Ned returns to the Pie Hole to find this dramatic scene concluded. Finding Randy with a big bruise on his face, he immediately assumes Olive punched him. Hee. In fact, it was Jerry, who only swung in self-defense after Randy threatened them. "Olive," Ned asks, wary, "who are these guys?" Olive nervously shrugs. "Who are any of us, really...?" she asks philosophically, and finally Jimmy D has to break it down. Jerry and Buster weren't really kidnappers. They were stealing a car when they discovered Olive hiding in the back. They wanted to return Olive immediately to her parents, but as she was trying to teach her neglectful relations a lesson, she refused to tell them her name. The sweet guys have to whisper to hide it from her that their repeated attempts to contact her parents have gone unanswered. As a result, they spend a wonderful two days with the little girl, watching cartoons and eating popcorn. When they return her to her parents' house, they realize the Snooks had no idea Olive was even missing, and confront the negligent couple who take umbrage and call the cops. Wow, do all the writers of this show hate their parents? There hasn't been a parent yet portrayed who isn't somehow careless, downright criminal or somehow guilty of abandonment. Anyway, Olive knew what she was losing as she saw Jerry and Buster taken to jail, and thus wrote them every week to stay in touch. They never stopped loving her, either, and had finally busted out of jail to see her again before heading out for a life on the lam.
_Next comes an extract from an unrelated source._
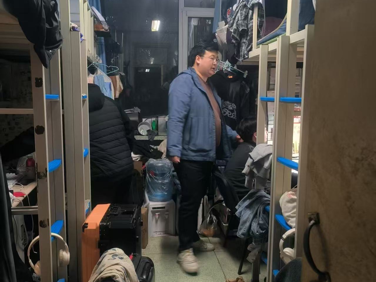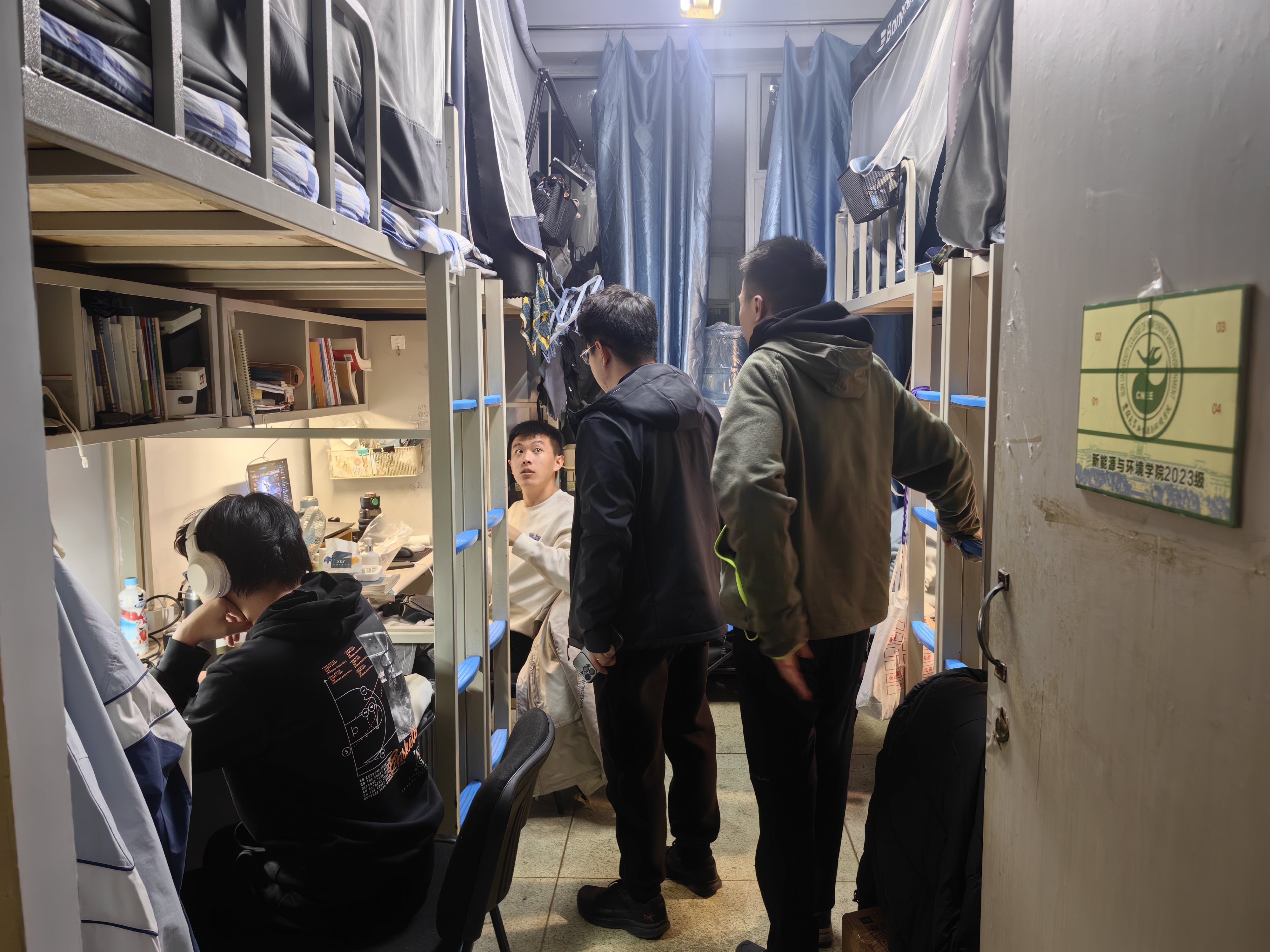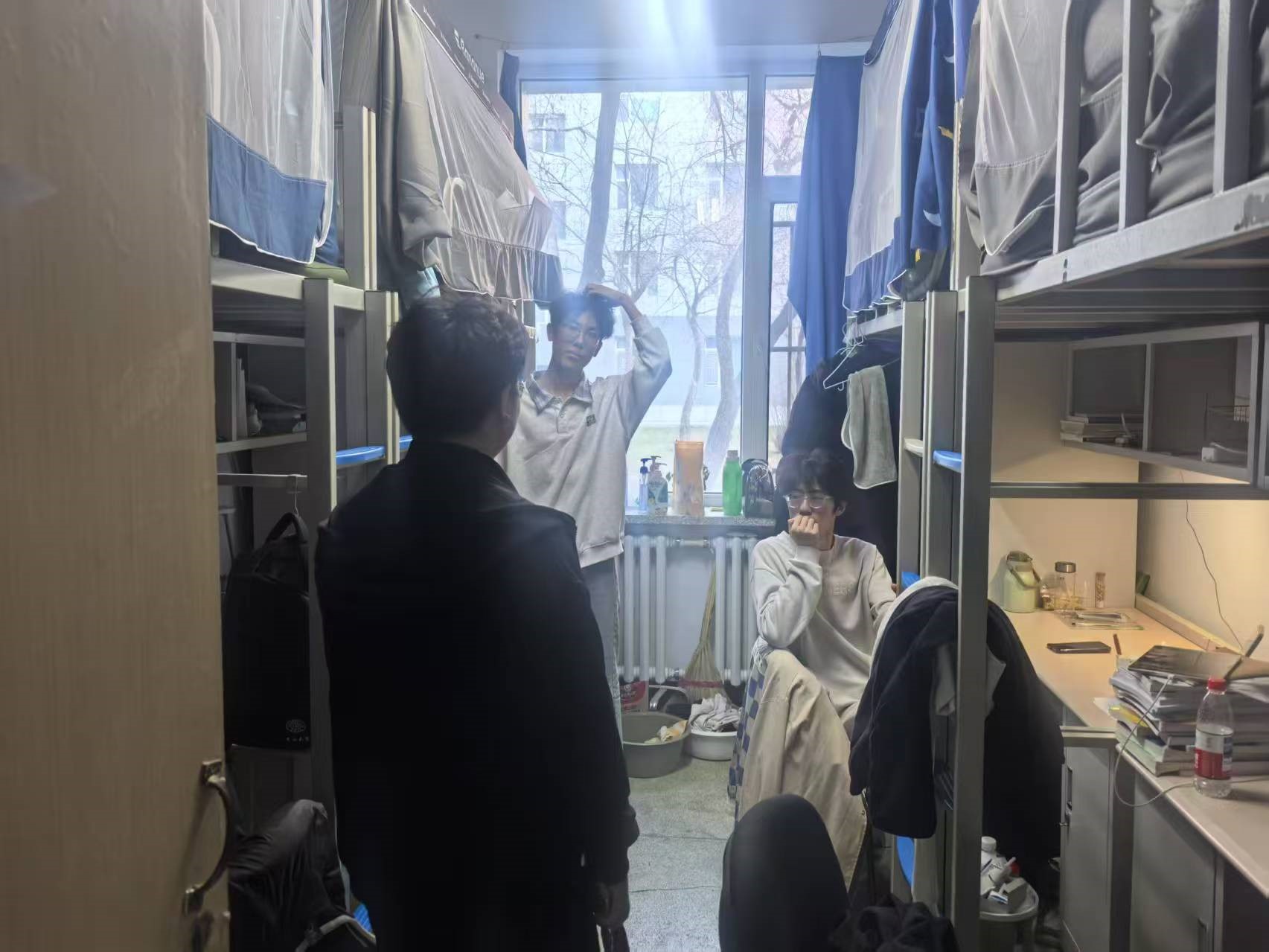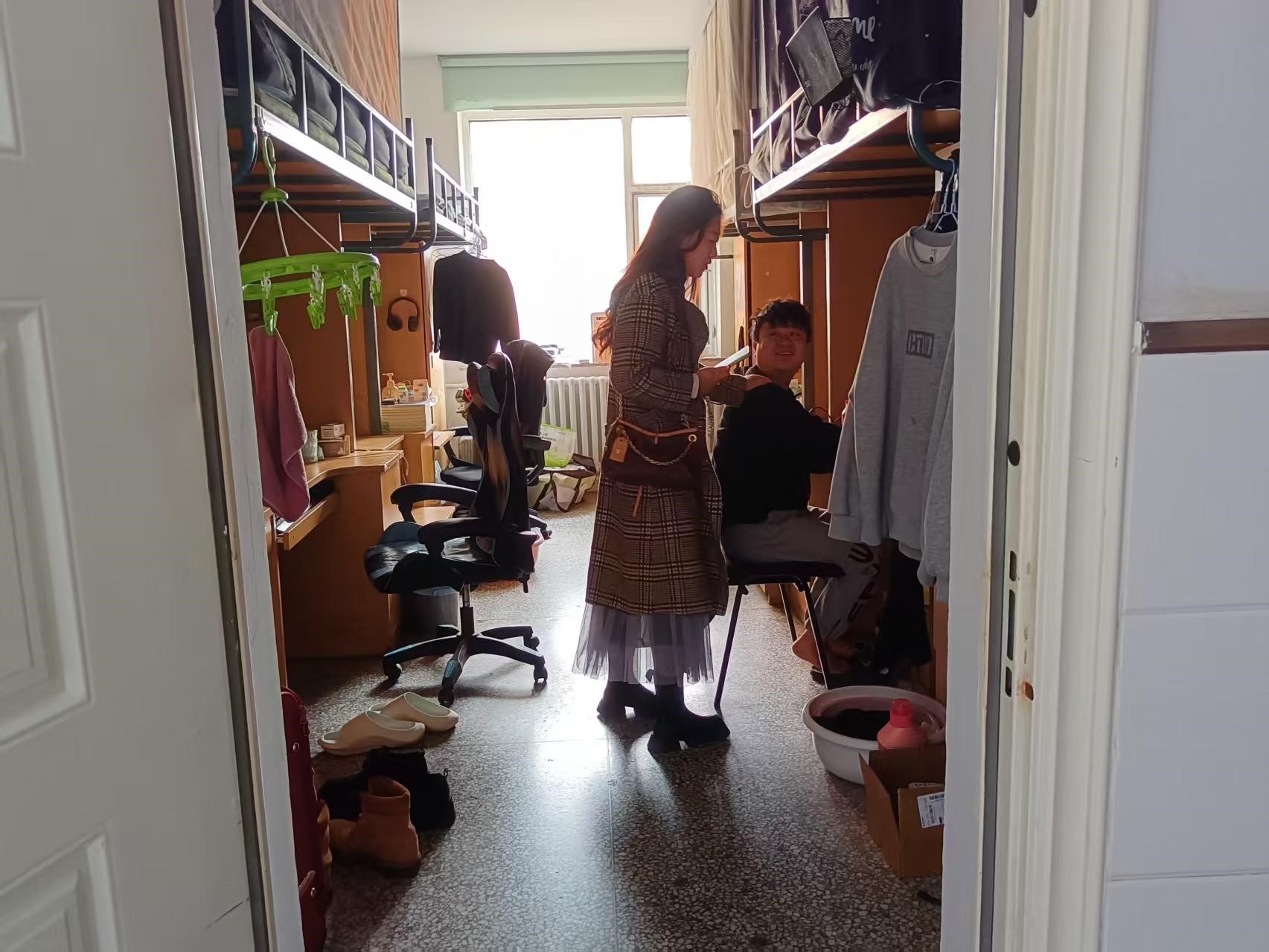 4月22日,2024级新生辅导员助理姜兆轩进入南苑一公寓对寝室卫生、消防安全进行检查,对卫生环境脏乱差的寝室提出批评并督促其尽快整理寝室内务。
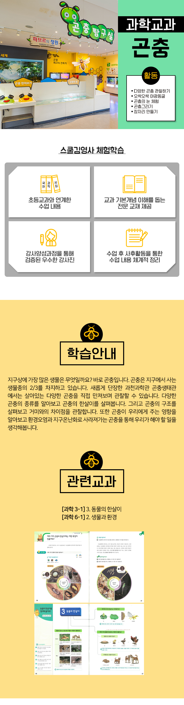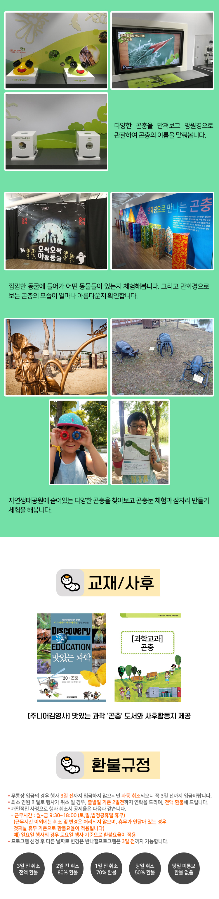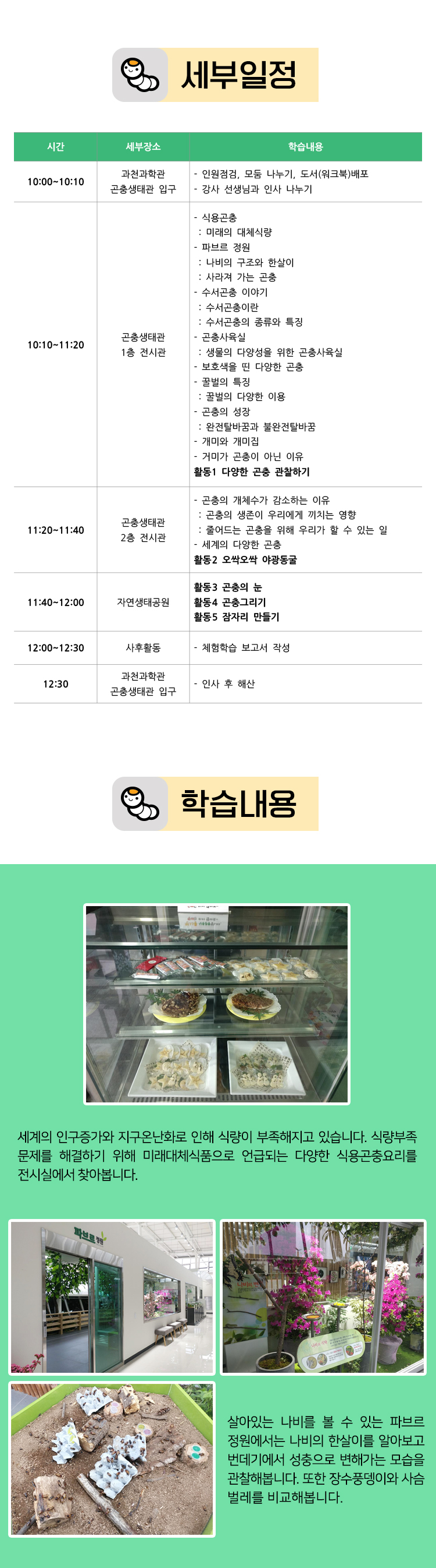 ㆍ시간 : 오전 10:00~12:30 ㆍ만나는 장소 : 과천과학관 곤충생태관 앞 ㆍ회비 : 1회당 28,000원

Short pause while I rant again about the show being cancelled: the lost potential of seeing more episodes with the amazing Richard Benjamin and George Segal... OMG, what if they had set them up romantically down the road with Lily and Vivian?! Siiiigh. Hate.
Olive is so glad they came to see her, and thinks it is only right that she help them escape across the border. She still feels so guilty, she says, that they went to jail, but no one would ever believe her when she said she had run away. "What do we always say about the past?" Buster asks, fatherly. Olive: "It makes an ass outta you and me." Ha! A mixed metaphor, you might say, but it certainly holds true for my own past.